**What you will do:** Reproduce each entry exactly as it reads. Leave the images out.
======== Material to process ========
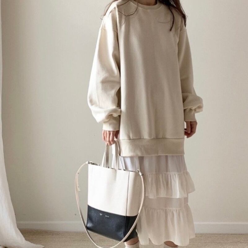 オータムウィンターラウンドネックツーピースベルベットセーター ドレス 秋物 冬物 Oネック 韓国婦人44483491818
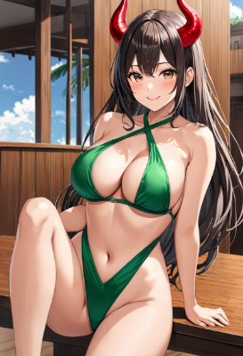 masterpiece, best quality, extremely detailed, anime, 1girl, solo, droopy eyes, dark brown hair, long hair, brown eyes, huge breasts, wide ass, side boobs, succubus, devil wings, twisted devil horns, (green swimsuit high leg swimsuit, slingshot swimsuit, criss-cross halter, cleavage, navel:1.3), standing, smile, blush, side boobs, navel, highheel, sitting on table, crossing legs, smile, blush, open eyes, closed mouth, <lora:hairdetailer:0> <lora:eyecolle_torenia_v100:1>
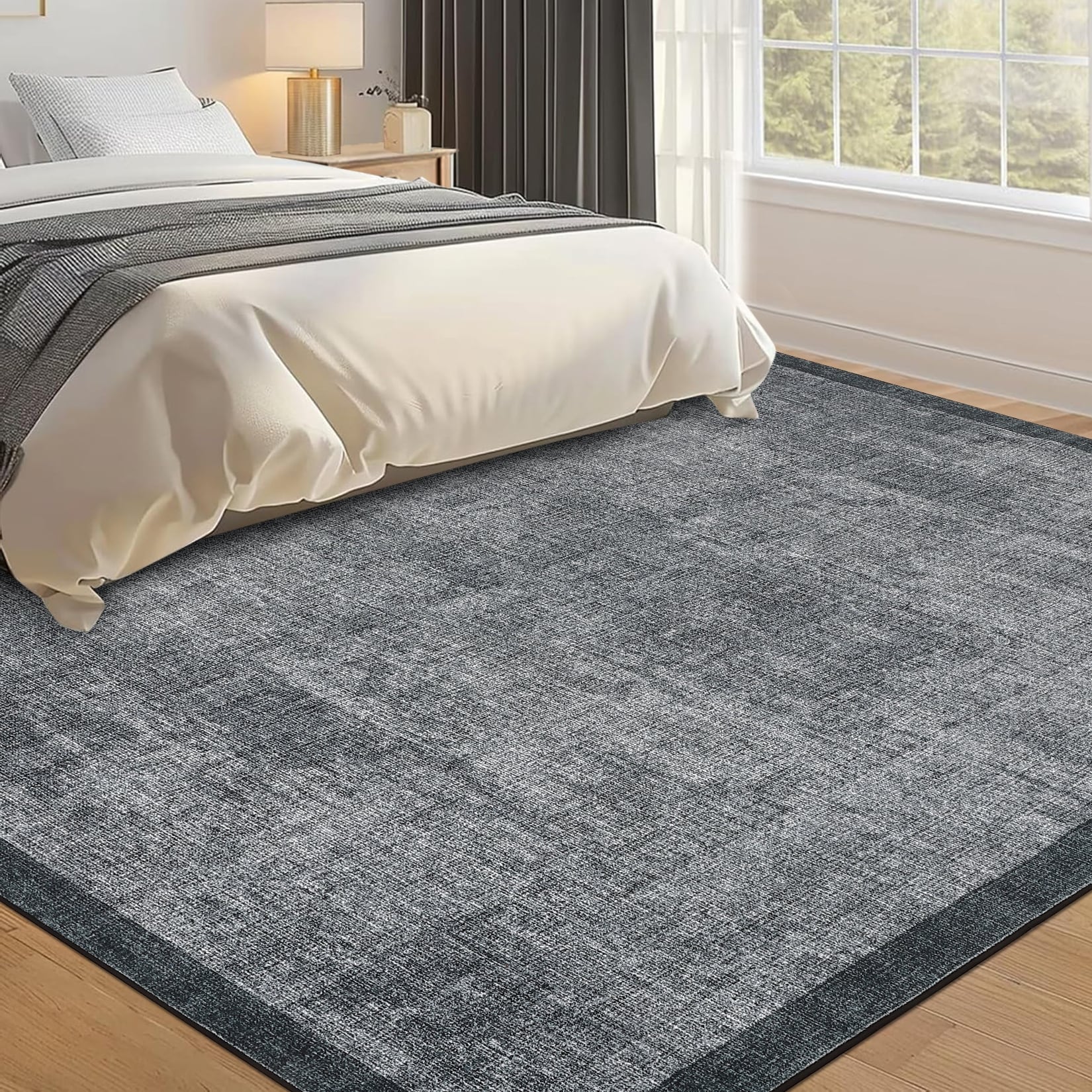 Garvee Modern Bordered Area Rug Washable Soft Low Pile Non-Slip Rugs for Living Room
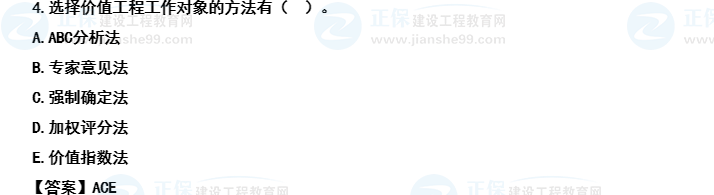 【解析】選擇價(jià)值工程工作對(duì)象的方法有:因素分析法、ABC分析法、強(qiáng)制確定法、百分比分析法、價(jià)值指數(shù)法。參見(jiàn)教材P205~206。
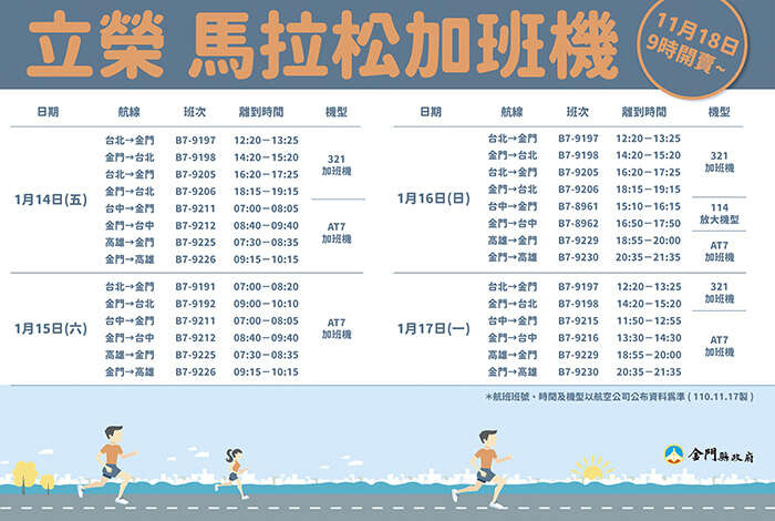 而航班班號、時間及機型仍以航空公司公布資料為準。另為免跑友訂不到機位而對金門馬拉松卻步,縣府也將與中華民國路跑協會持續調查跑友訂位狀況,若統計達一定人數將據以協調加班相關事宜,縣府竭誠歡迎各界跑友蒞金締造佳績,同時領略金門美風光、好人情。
========
**Reply to the exercise:**
 オータムウィンターラウンドネックツーピースベルベットセーター ドレス 秋物 冬物 Oネック 韓国婦人44483491818
 masterpiece, best quality, extremely detailed, anime, 1girl, solo, droopy eyes, dark brown hair, long hair, brown eyes, huge breasts, wide ass, side boobs, succubus, devil wings, twisted devil horns, (green swimsuit high leg swimsuit, slingshot swimsuit, criss-cross halter, cleavage, navel:1.3), standing, smile, blush, side boobs, navel, highheel, sitting on table, crossing legs, smile, blush, open eyes, closed mouth, <lora:hairdetailer:0> <lora:eyecolle_torenia_v100:1>
 Garvee Modern Bordered Area Rug Washable Soft Low Pile Non-Slip Rugs for Living Room
 【解析】選擇價(jià)值工程工作對(duì)象的方法有:因素分析法、ABC分析法、強(qiáng)制確定法、百分比分析法、價(jià)值指數(shù)法。參見(jiàn)教材P205~206。
 而航班班號、時間及機型仍以航空公司公布資料為準。另為免跑友訂不到機位而對金門馬拉松卻步,縣府也將與中華民國路跑協會持續調查跑友訂位狀況,若統計達一定人數將據以協調加班相關事宜,縣府竭誠歡迎各界跑友蒞金締造佳績,同時領略金門美風光、好人情。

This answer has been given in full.